In the listing that follows, find the line with "на складе | |", then copy exactly from it through the line with "El 55% de los", leaving out every picture.

§ **Recorded information**:
========

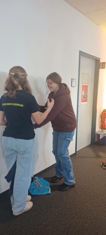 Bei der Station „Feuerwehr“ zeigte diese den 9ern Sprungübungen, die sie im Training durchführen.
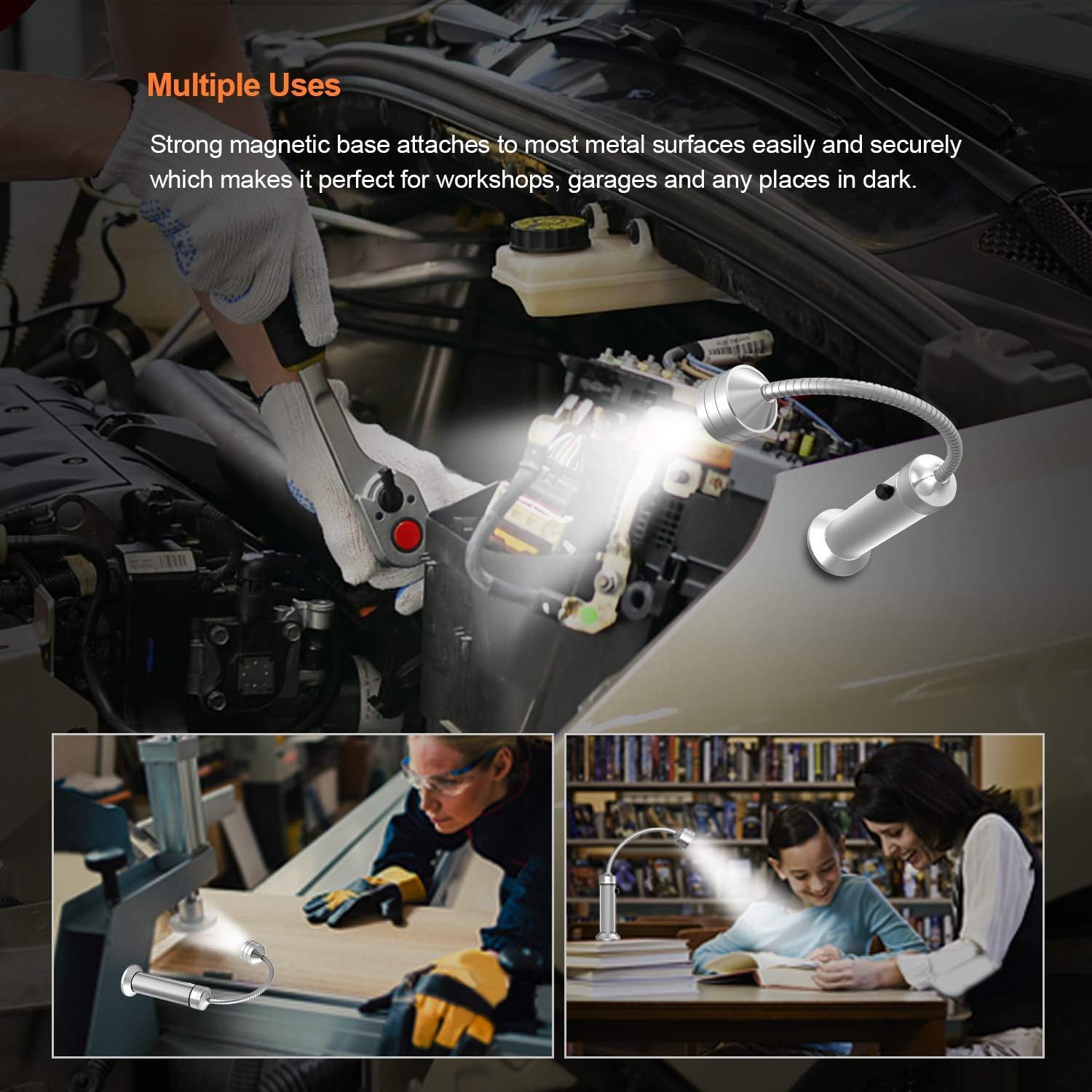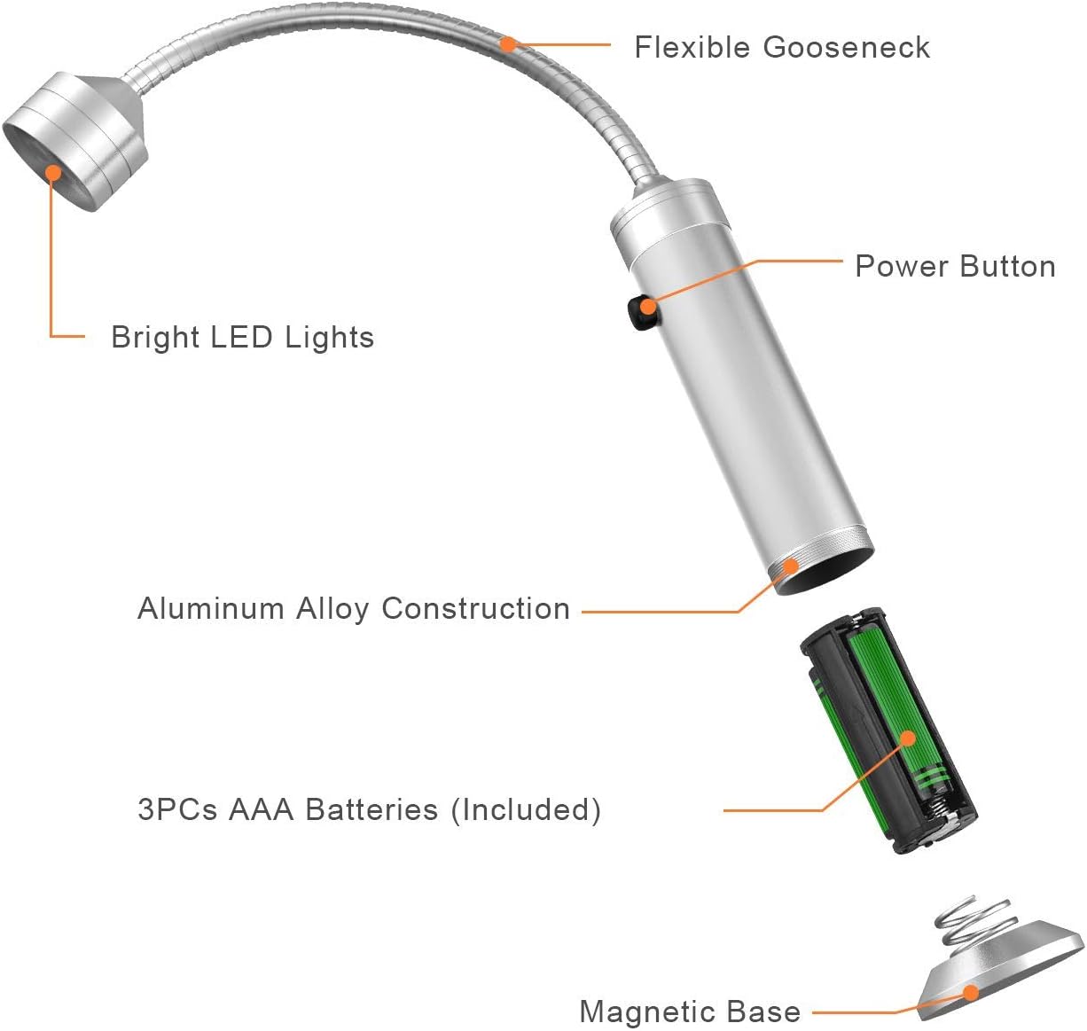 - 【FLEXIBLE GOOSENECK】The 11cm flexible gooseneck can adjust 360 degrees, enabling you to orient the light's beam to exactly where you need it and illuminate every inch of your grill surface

========

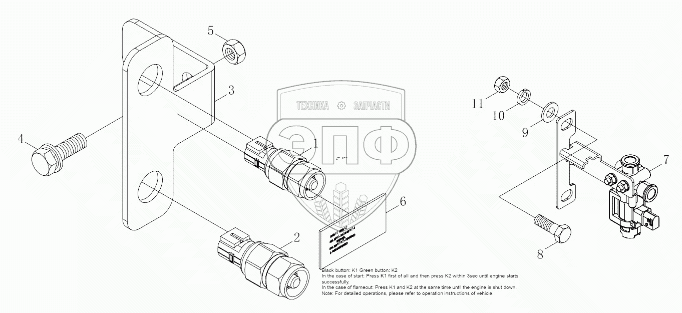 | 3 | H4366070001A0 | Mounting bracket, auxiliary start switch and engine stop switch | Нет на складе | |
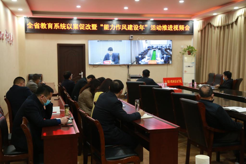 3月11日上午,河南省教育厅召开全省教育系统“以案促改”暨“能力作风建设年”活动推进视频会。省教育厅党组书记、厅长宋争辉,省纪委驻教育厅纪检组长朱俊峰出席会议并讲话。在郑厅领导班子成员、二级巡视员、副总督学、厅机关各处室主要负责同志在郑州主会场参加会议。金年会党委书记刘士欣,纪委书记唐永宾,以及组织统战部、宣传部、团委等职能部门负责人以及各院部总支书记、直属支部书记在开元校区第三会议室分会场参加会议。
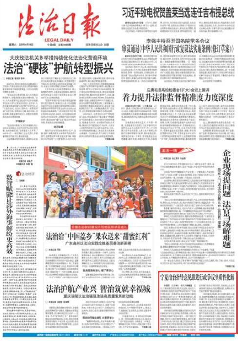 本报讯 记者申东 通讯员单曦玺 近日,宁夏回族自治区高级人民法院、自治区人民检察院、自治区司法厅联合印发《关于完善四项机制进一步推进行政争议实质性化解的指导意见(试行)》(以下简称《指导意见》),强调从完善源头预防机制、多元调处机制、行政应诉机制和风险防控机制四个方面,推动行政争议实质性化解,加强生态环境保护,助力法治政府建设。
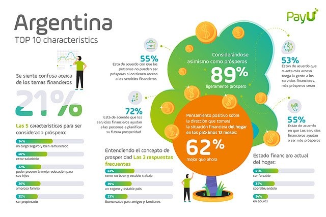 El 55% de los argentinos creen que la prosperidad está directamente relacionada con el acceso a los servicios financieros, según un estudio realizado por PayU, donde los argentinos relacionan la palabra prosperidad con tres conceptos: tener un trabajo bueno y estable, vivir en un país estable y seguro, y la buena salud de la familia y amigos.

========

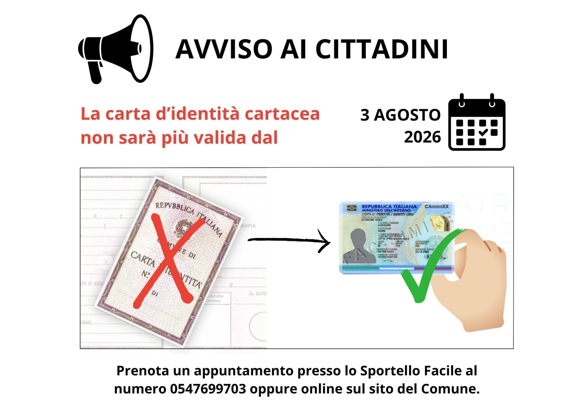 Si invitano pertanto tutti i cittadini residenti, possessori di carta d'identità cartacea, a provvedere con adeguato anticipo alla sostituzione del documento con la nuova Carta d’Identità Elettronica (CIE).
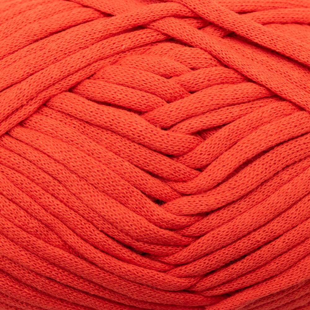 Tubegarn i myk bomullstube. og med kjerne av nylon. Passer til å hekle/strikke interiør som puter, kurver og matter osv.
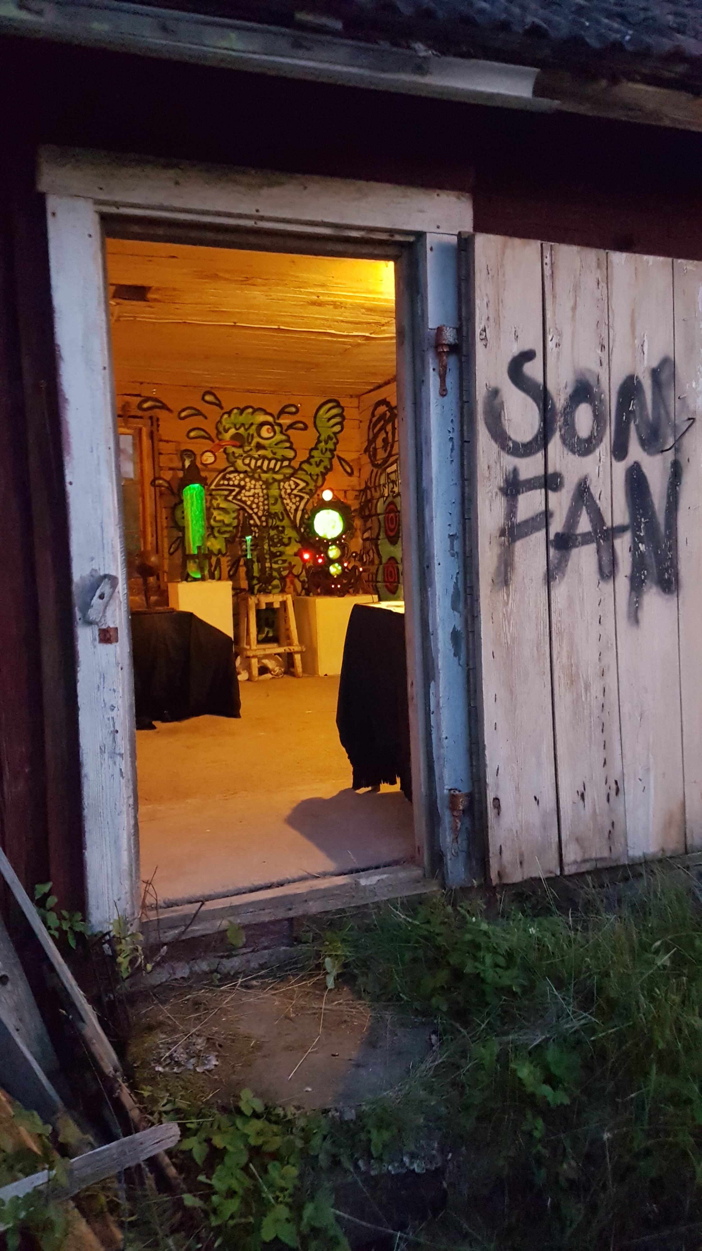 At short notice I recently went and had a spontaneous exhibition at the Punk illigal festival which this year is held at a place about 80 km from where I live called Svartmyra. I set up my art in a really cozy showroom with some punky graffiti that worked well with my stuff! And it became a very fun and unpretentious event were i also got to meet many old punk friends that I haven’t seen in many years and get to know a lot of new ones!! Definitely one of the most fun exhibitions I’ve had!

========

§ **Exercise answer**:
 | 3 | H4366070001A0 | Mounting bracket, auxiliary start switch and engine stop switch | Нет на складе | |
 3月11日上午,河南省教育厅召开全省教育系统“以案促改”暨“能力作风建设年”活动推进视频会。省教育厅党组书记、厅长宋争辉,省纪委驻教育厅纪检组长朱俊峰出席会议并讲话。在郑厅领导班子成员、二级巡视员、副总督学、厅机关各处室主要负责同志在郑州主会场参加会议。金年会党委书记刘士欣,纪委书记唐永宾,以及组织统战部、宣传部、团委等职能部门负责人以及各院部总支书记、直属支部书记在开元校区第三会议室分会场参加会议。
 本报讯 记者申东 通讯员单曦玺 近日,宁夏回族自治区高级人民法院、自治区人民检察院、自治区司法厅联合印发《关于完善四项机制进一步推进行政争议实质性化解的指导意见(试行)》(以下简称《指导意见》),强调从完善源头预防机制、多元调处机制、行政应诉机制和风险防控机制四个方面,推动行政争议实质性化解,加强生态环境保护,助力法治政府建设。
 El 55% de los argentinos creen que la prosperidad está directamente relacionada con el acceso a los servicios financieros, según un estudio realizado por PayU, donde los argentinos relacionan la palabra prosperidad con tres conceptos: tener un trabajo bueno y estable, vivir en un país estable y seguro, y la buena salud de la familia y amigos.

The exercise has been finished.